Our next objective was to verify that the identified EMT-miRNAs drove the induction of EMT-TFs and the repression of CDH1. As expected, miR-183-5p, miR-203-3p, and miR-205-5p expression was dramatically reduced (>5-fold) even at the lowest adaptation level and continuously decreased during the adaptation process (Figure 7c). In contrast, miR-200c-3p expression first increased 2.5-fold but then sharply declined at the 100 nM adaptation level. When osimertinib was removed from the culture media for one week between the adaptation steps, there was a reversal of the observed trends. The expression of EMT-miRNAs miR-200c-3p, miR-203a-3p, and miR-205-5p increased significantly in the absence of osimertinib (p < 0.01) compared to the previous adaptation level (25 nM). In turn, the expression of the EMT-miRNA target genes ZEB1 and ZEB2 declined significantly (p < 0.001). Removal of osimertinib also had a significant effect on the expression of the EMT-markers CDH1 (p < 0.05) and MMP2 (p < 0.001). However, TWIST1, CDH2, and VIM were not significantly affected. There was a close correlation between miR-200c-3p ΔC_T and CDH1 ΔC_T (Pearson’s r = 0.8694, n = 24, p < 0.0001), while miR-203-3p and miR-205-5p showed strong correlations with ZEB1 (r = −0.8521, n = 24, p < 0.0001; r = 0.9028, n = 24, p < 0.0001) and ZEB2 (r = −0.8157, n = 24, p < 0.0001; r = −0.8872, n = 24, p < 0.0001) (Figure 7d).

3. Discussion

The emergence of drug resistance typically after 9–12 months of treatment limits the success of osimertinib as a first-line therapeutic for EGFR-mutant NSCLC [5,65,66,67]. EMT contributes to drug resistance and is often observed in NSCLC patients with acquired EGFR-TKI resistance [5,16,65,66,67]. However, the induction of EMT during treatment and the role of resistance-induced miRNAs remain poorly understood. Therefore, the objective of this study was to investigate the role of miRNAs in the initiation and sustenance of EMT in EGFR-TKI-induced drug resistance.

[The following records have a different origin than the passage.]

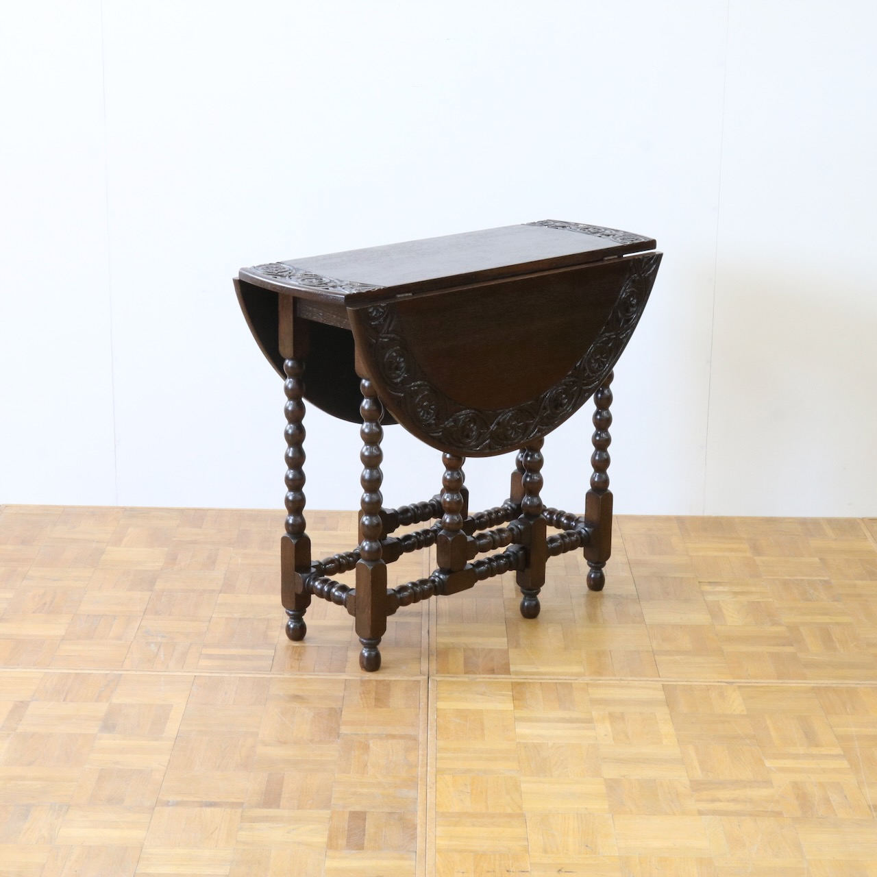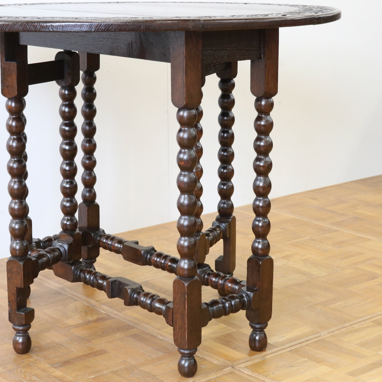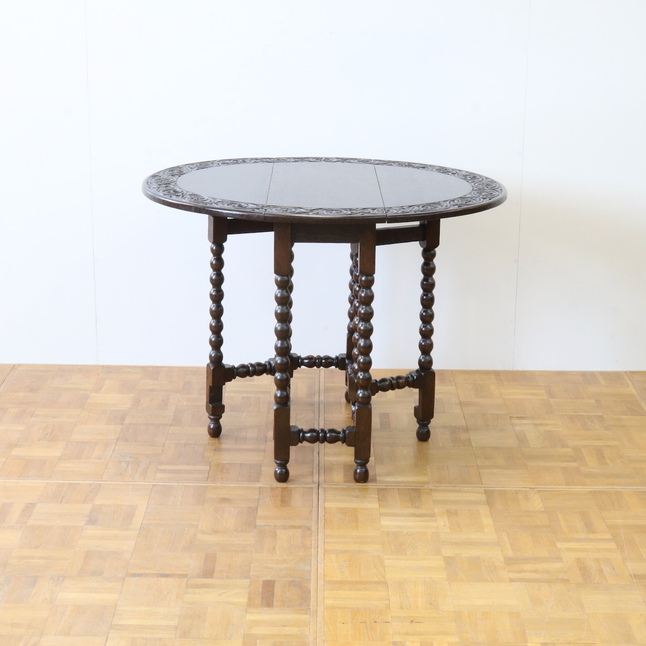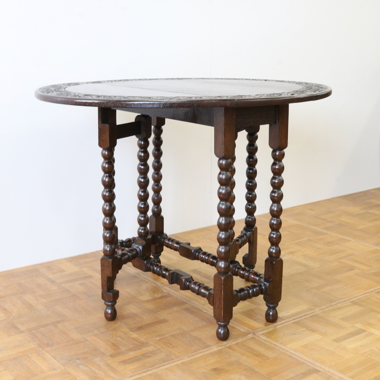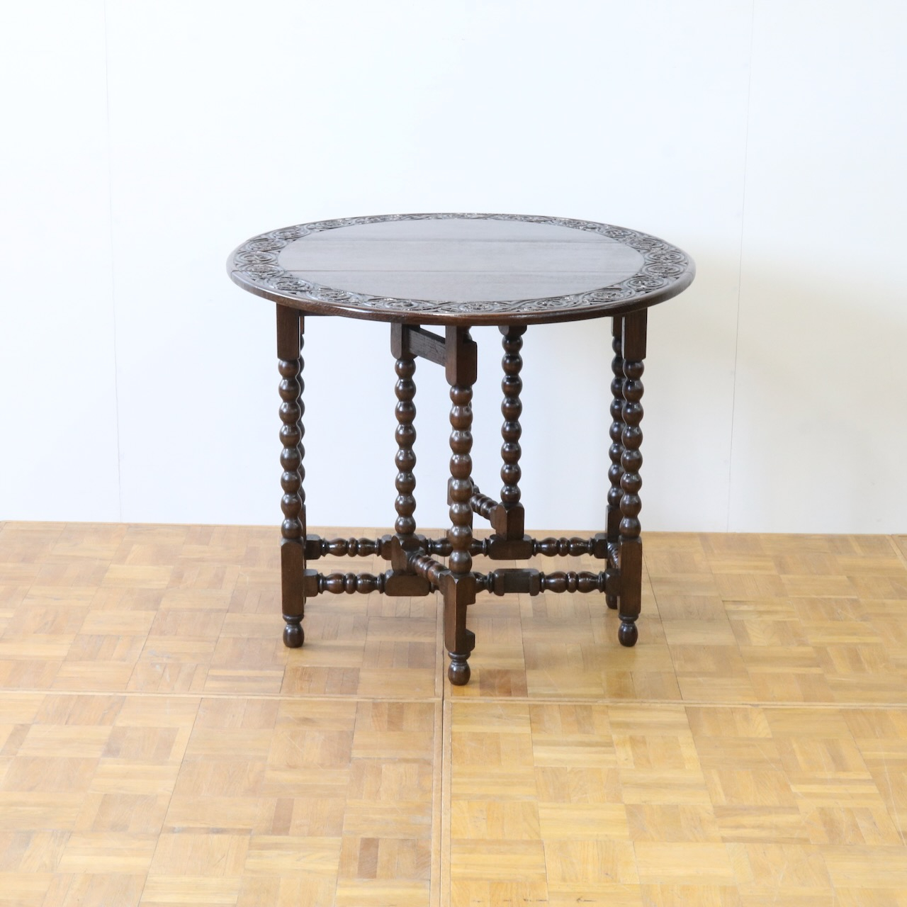 配送料の目安 ▶︎1930年代、オーク材のゲートレッグテーブル。天板縁にしっかりと彫り込まれた葉が見事です。ボビン型の脚も丁寧に造られ、アンティークらしい趣のあるテーブルです。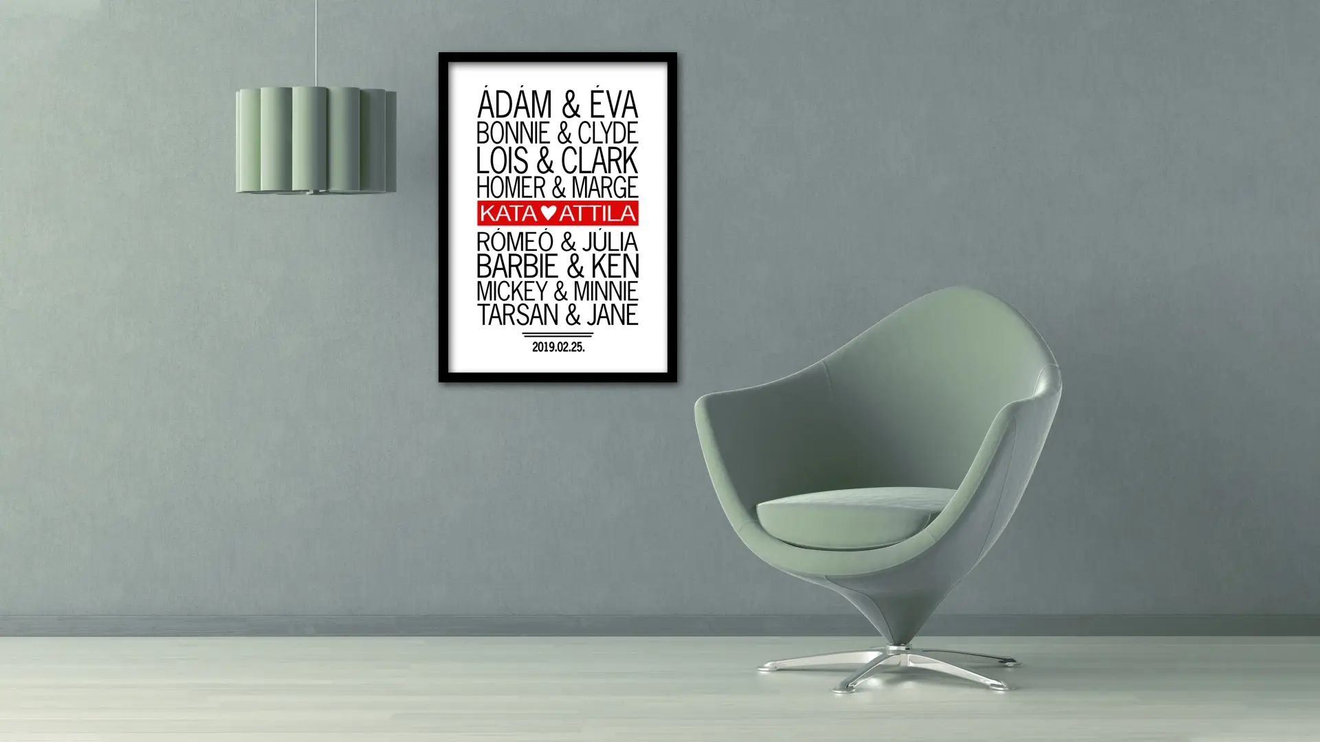 A Szerelmes nevek posztert kérheted fekete és fehér alapszínben is tetszésed szerint! A mérete A2-es és keretben kinyomtatva vagy pedig habkartonra nyomtatva adjuk át, vagy postázzuk neked!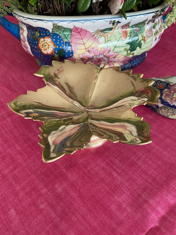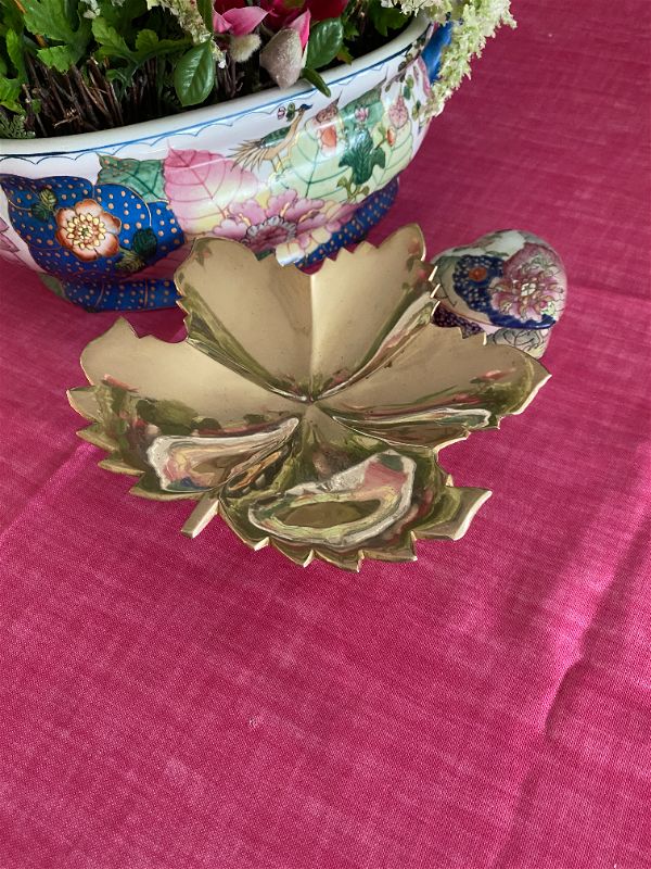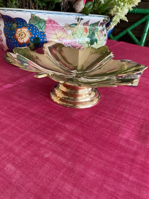 Vintage Brass Leaf Pedestal Dish made in India

To accomplish this, we established a cell panel comprising HCC4006 sublines that were individually adapted to various EGFR-TKIs. We selected EGFR-TKIs that are currently in use for patient treatment. The resistant sublines uniformly underwent EMT, which was confirmed by comprehensive EMT-marker and EMT-TFs expression analyses. Transitioning from an epithelial to a mesenchymal phenotype in EGFR-TKI resistant sublines was associated with increased cell mobility and migration, probably as a consequence of the remodeling of the actin cytoskeleton and the introduction of actin stress fibers. However, these changes were, in agreement with findings by others [65,68], accompanied by a reduced cell doubling time. This demonstrated that the HCC4006 cell line is a reliable in-vitro model to simulate EGFR-TKI resistance-induced EMT. Furthermore, all cell lines remained resistant to osimertinib, which indicates that they had not acquired the common T790M gatekeeper mutation [66,67]. Previous studies have often focused on a single EGFR-TKI, which may limit their generalisability [69,70]. In addition, concentrating solely on one specific resistant cell line could lead to confounding results and erroneous conclusions. Therefore, adopting a broader approach when using in-vitro cell models emulating drug resistance to identify reoccurring mechanisms is of utmost importance, as shown by this study in the case of cancer stem cell (CSC) markers. Our findings suggest that the expression patterns of the common CSC markers ALDH1A1 (high), CD24 (low), and CD44 (high) did not indicate a CSC phenotype of the resistant sublines. The use of these markers has been controversial in the literature [48,50,51,71,72], but they are often used due to the lack of better alternatives. Further research is necessary to discover markers or combinations thereof that can accurately identify CSCs in in-vitro NSCLC models and patients with high sensitivity.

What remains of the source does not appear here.